Selladoor Worldwide
- Address: 1 Creek Road, London Greenwich England

Construction
- Opened: 2008

Website
- www.selladoor.com

= Selladoor Worldwide =

Theatre company in the United Kingdom

Selladoor Worldwide is a UK Theatre producing company based in Greenwich, London. Selladoor Worldwide produce musical theatre, plays and family theatre for UK and international touring and the West End. Selladoor Worldwide also operate and manage theatres across the UK, known as Selladoor Venues.

==History==
Selladoor Worldwide was formed in 2009 by David Hutchinson and Phillip Rowntree, whilst students at The Liverpool Institute for Performing Arts. Phillip departed from Selladoor Worldwide in 2020, and David Hutchinson remained as CEO. In 2022, it was announced that Andrew Shepherd would take over as executive director and Lucy Atkinson was brought in, in 2023 as the new Creative Producer.

In 2024 a senior leadership change saw Sarah Crompton-Howes come on board as Executive Producer taking over from both Andrew and Lucy, supported by Alex Neidert as Finance & Operations Director.

The company's début production, The Secrets Inside, was written by Hutchinson and directed by Richard Adams.

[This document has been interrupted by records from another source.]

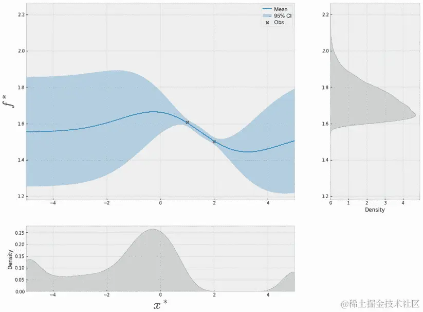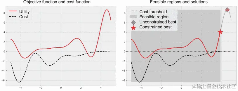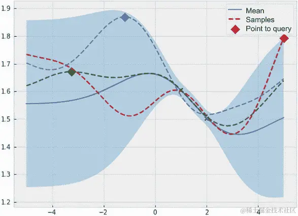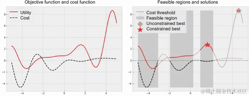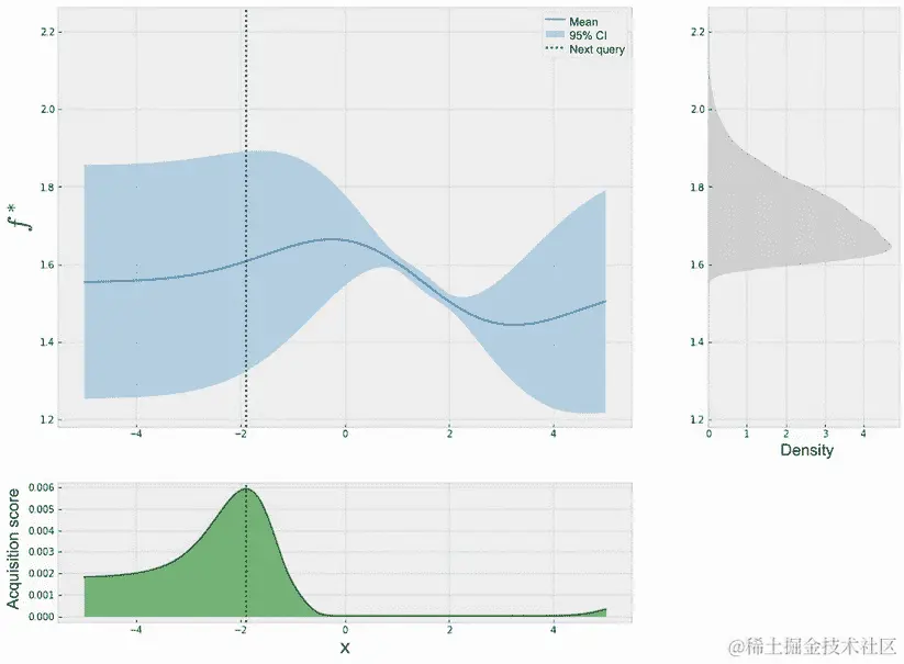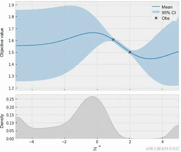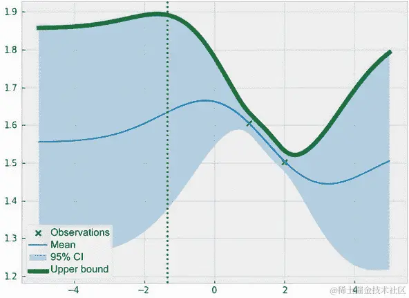 具体来说,我们知道给定位置的目标值遵循正态分布,而量化正态分布不确定性的常用度量是 95% CI,其中包含分布的 95% 的概率质量。使用 GP,我们将该 95% CI 在输入空间中可视化为图 5.6 中粗线。该 95% CI 的上限,也就是图 5.6 中突出显示的阴影区域的上边界,正是 UCB 策略将用作搜索空间中数据点的获取分数的上边界,并且给出最高分数的点是我们将评估下一个目标函数的位置,这在本例中是由虚线围绕的位置约为 –1.3。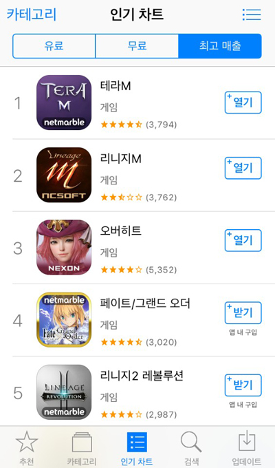 애플 앱스토어 매출 1위는 약 5개월간 유지돼 쉽사리 순위 변동이 예측되지 않는 상황이었지만 '테라M'이 출시와 함께 판도를 바꾼 것.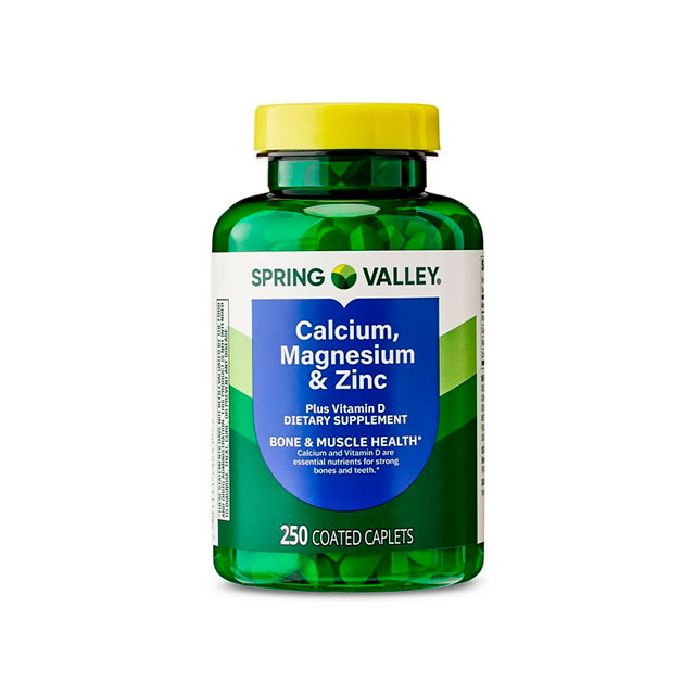 - Spring Valley Calcio, magnesio y zinc más vitamina D3 recubierto cápsulas, 250 unidades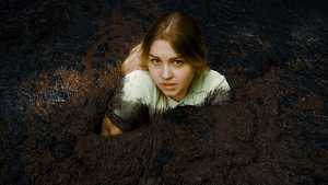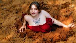 I love this scene. How Angel is struggling and almost, but just not entirely being able to escape the quicksand, that seems determined on consuming her. I wonder if taking of your clothes would help being able to escape your doom. In this case it didn't. But I'd love to see more models try it anyway. ;P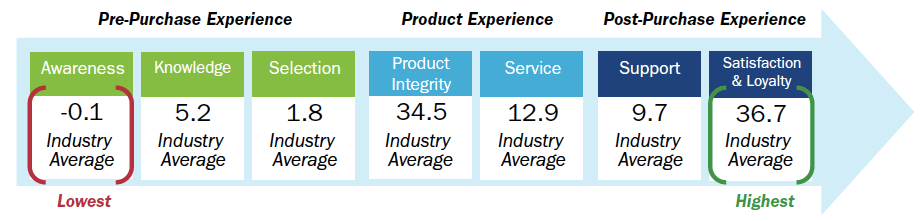 On a positive note for suppliers, industry averages for the product experience and post-purchase experience were relatively high and presented an increase of the industry averages since our previous 2016 publication. Many of the touchpoints found in these parts of the overall experience are also of great importance to customers. However, several touchpoints of the pre-purchase experience are equally as important to customers, and our data shows life science suppliers on average are failing to satisfy during those crucial touchpoints.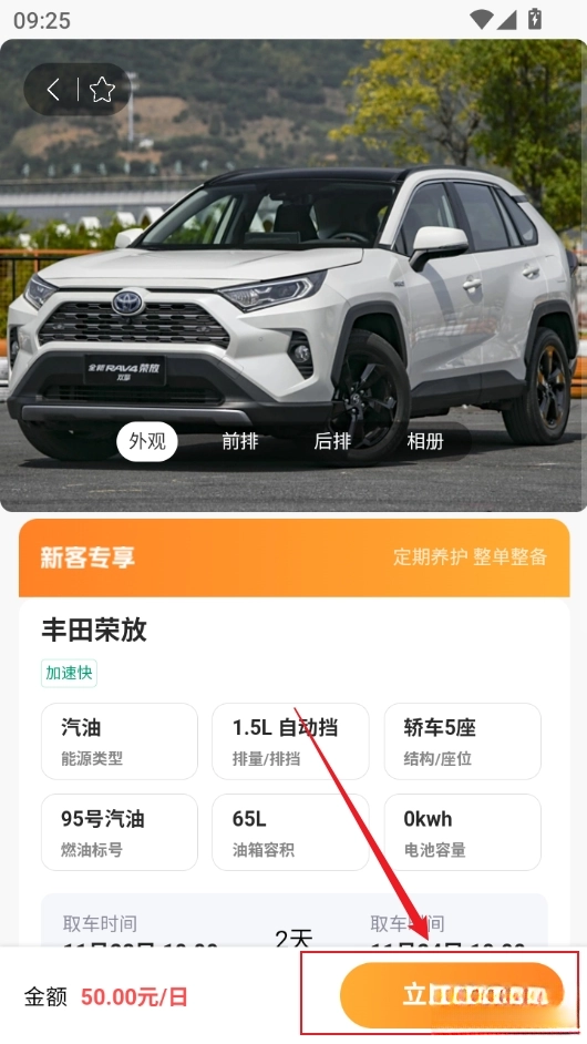 如果满意,可以点击立即预订,等待取车即可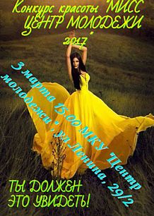 3 марта 15.00 в МКУ «Центр молодежи» (ул.Ленина 29/2) в преддверии 8 марта состоится конкурс красоты «Мисс Центр молодёжи-2017» среди представительниц волонтерского движения «Альтруист» Центра молодежи.

It premiered at the 2008 Edinburgh Fringe Festival, then ran at the Tolbooth in Stirling. Selladoor soon moved into producing regional touring theatre, starting with a national tour of Liz Lochhead's adaptation of Dracula in 2010. The following year, it conducted the first British tour of Spring Awakening, which visited Exeter, Stirling, Edinburgh, Manchester, London and Norwich; and produced the centenary tour of William Golding's Lord of the Flies, across Scotland, England and Wales.

In 2011, Selladoor also started producing an annual Off West End season at the Greenwich Theatre. In November 2013, Selladoor was made an official partner company at the Greenwich Theatre. The 2014 season included Avenue Q and adaptations of the novels Kidnapped and Alice in Wonderland.

Selladoor's head office moved to London in 2009, at Athenley House on Greenwich High Road and subsequently to the Deptford Mission in Deptford. In 2012, they were made a resident producing company at the Beacon Arts Centre in Greenock, which opened in January 2015.

In December 2012, Selladoor made their West End debut with a production of Seussical, written by Stephen Flaherty and Lynn Ahrens, at the Arts Theatre. Recent shows include the London revival of Alan Bennett's The History Boys and Tim Kelly's adaptation of The Hound of the Baskervilles.

In 2013, Sell a Door Theatre Company partnered with the Greenwich Theatre following nine productions at the South London venue. James Haddrell and David officially announced the partnership on 19 November ahead of Sell a Door Theatre Company opening their second West End production of Seussical.

In 2014, Sell A Door Theatre Company produced their first UK Tour of the popular musical Avenue Q. Due to the demand and success from their production it completed another UK Tour throughout 2015 and 2016.

In 2015, David Hutchinson directed the world premiere of Jo Clifford's Jekyll and Hyde based on Robert Louis Stevenson's gothic classic at the Greenwich Theatre followed by a thirty-three venue tour across the UK.

In 2016, Sell A Door Theatre Company continued to expand in size, borders and targets, rebranding the company to Selladoor Worldwide.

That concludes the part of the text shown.